Micah Fowler und sein Spiel geben der Serie viel Witz, echten Witz eben und nimmt ihr gleichzeitig auch etwas - einen faden Beigeschmack. Beim Dreh sei es hilfreich gewesen, nicht mit Beratern am Set zu arbeiten, die über die Authentizität von Bewegungen und Äußerungen fachsimpeln, erzählte Scott Silveri vor dem Start der Serie. Im Jahr 2016 sei es keine Frage mehr gewesen, hier anders zu verfahren. Doch zurück zur Story. Ohne über die weiteren neuen Sitcoms aus den USA an dieser Stelle schon zu viel zu verraten, lässt sich bei „Speechless“ darüber hinaus festhalten: Manch andere Comedy lässt eher schmunzeln. Hier ist der Witz aber mehrfach so überraschend gut auf den Punkt, dass man laut lachen muss. Der Kern stimmt also, die Geschichte und ihre Charaktere auch. Dass da dann noch reichlich Gesellschaftkritik dazu kommt, ist mehr willkommener Bonus als tragendes Element der Serie.
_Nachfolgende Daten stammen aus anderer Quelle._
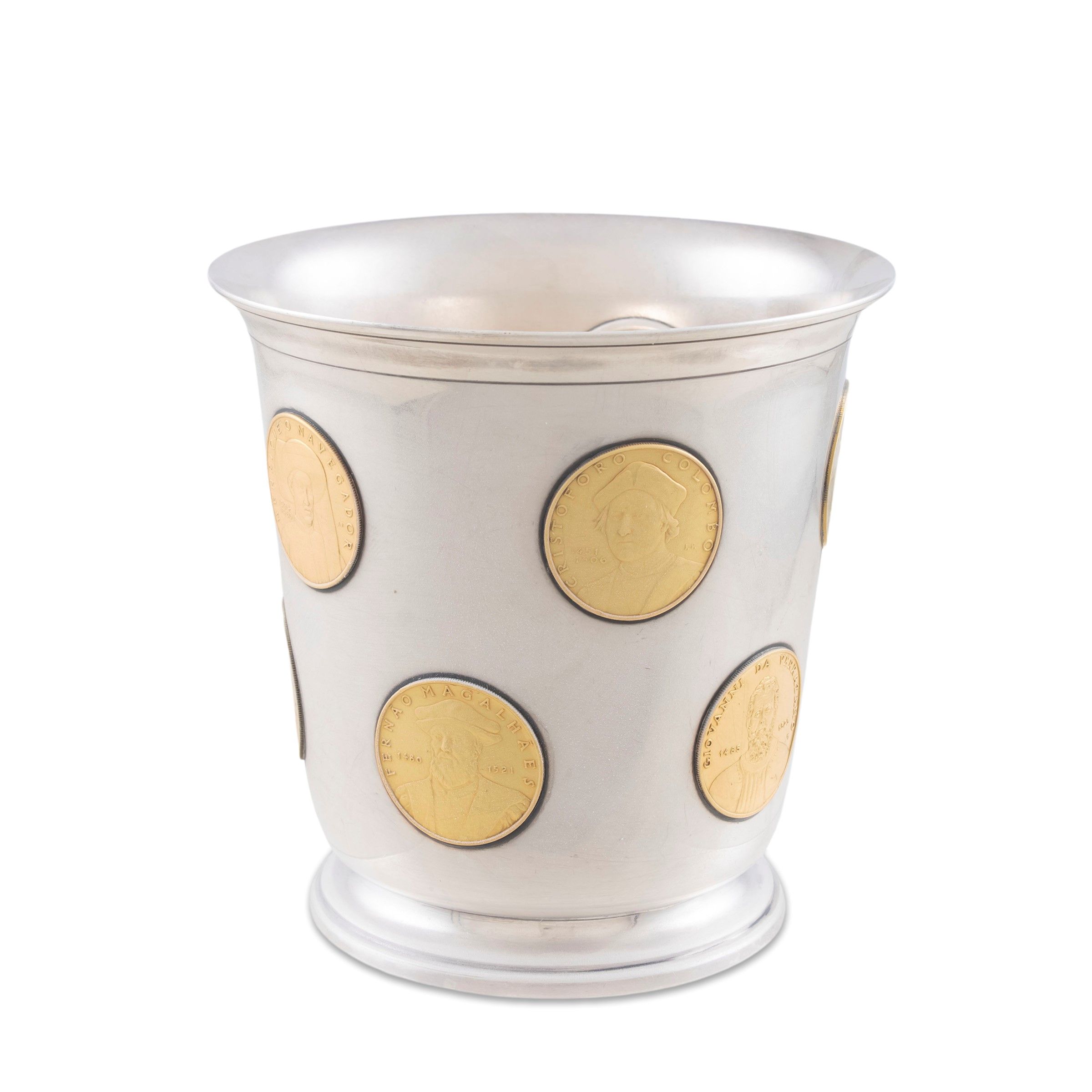 Italia, XX Sec. corpo liscio con applicate dieci medaglie commemorative Cristoforo Colombo Trans Mare Currvnt in argento dorato, firmato, peso 637 gr.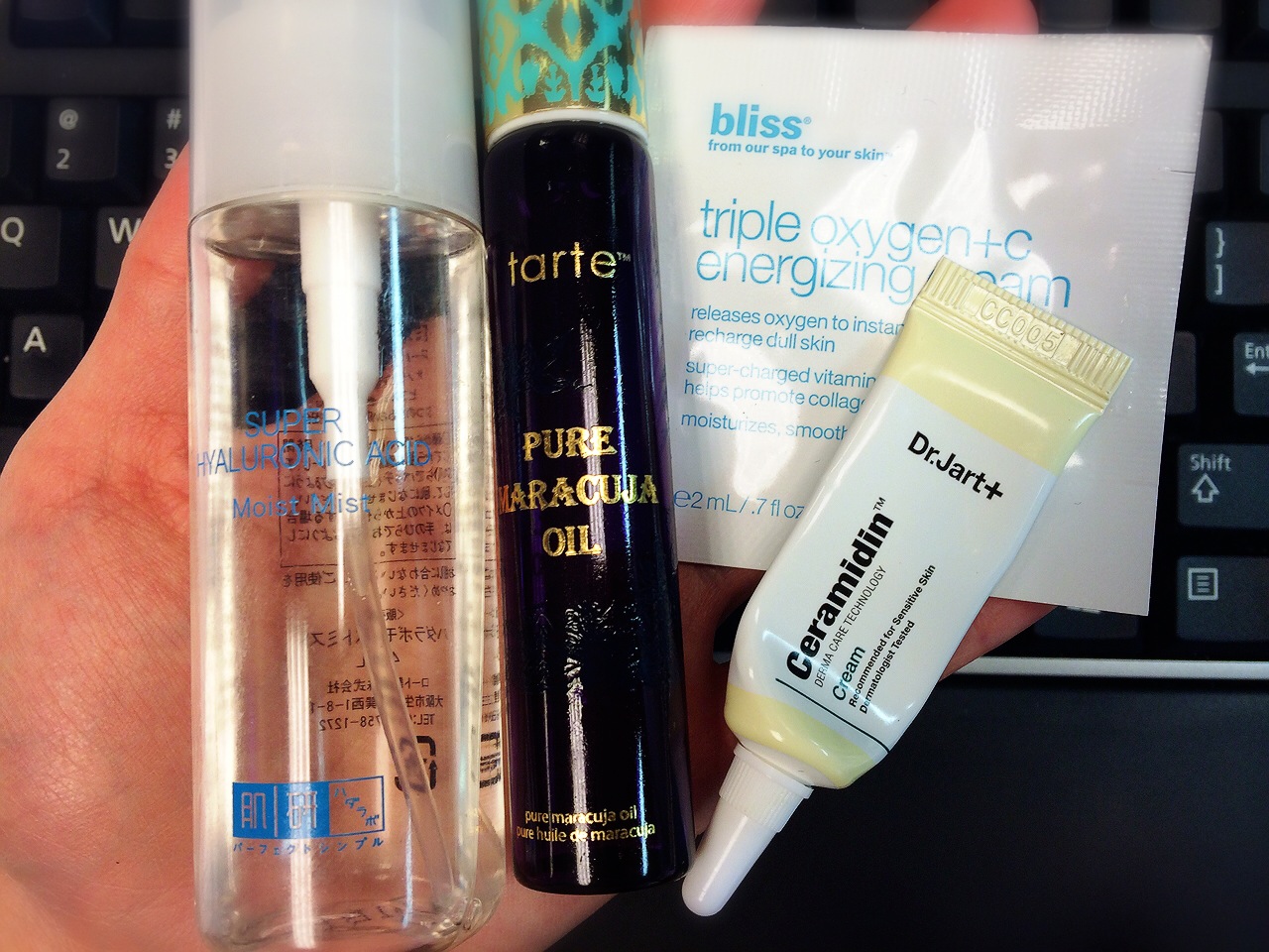 Recommendations: Hada Labo Super Hyaluronic Acid Moist Mist and Tarte Maracuja Oil.

Ein herrlicher Bonus um genau zu sein. Wenn die neue Schule sich um J.J. bemüht, aber doch so ziemlich alles falsch macht, was man (vielleicht sogar unabsichtlich) falsch machen kann, dann läuft Minnie Driver als furioses Familienoberhaupt zu Höchstform auf. Es ist so schön, sie nach der leider viel zu kurzen FX-Serie „The Riches“ hier wieder glänzen zu sehen. Heimlicher Star neben ihr und Micah Fowler ist Mason Cook, der Bruder. „Speechless“ ist am Ende eine moderne Familien-Sitcom mit dem Finger in der Wunde derer, die im Umgang mit Menschen mit Behinderung noch immer zwischen Sorglosigkeit und übertriebener Sorge um Korrektheit in Schockstarre verfallen. Eine also in jeder Hinsicht lohnenswerte und begrüßenswerte Serie, die ihren etwas plakativen Titel gar nicht nötig hätte.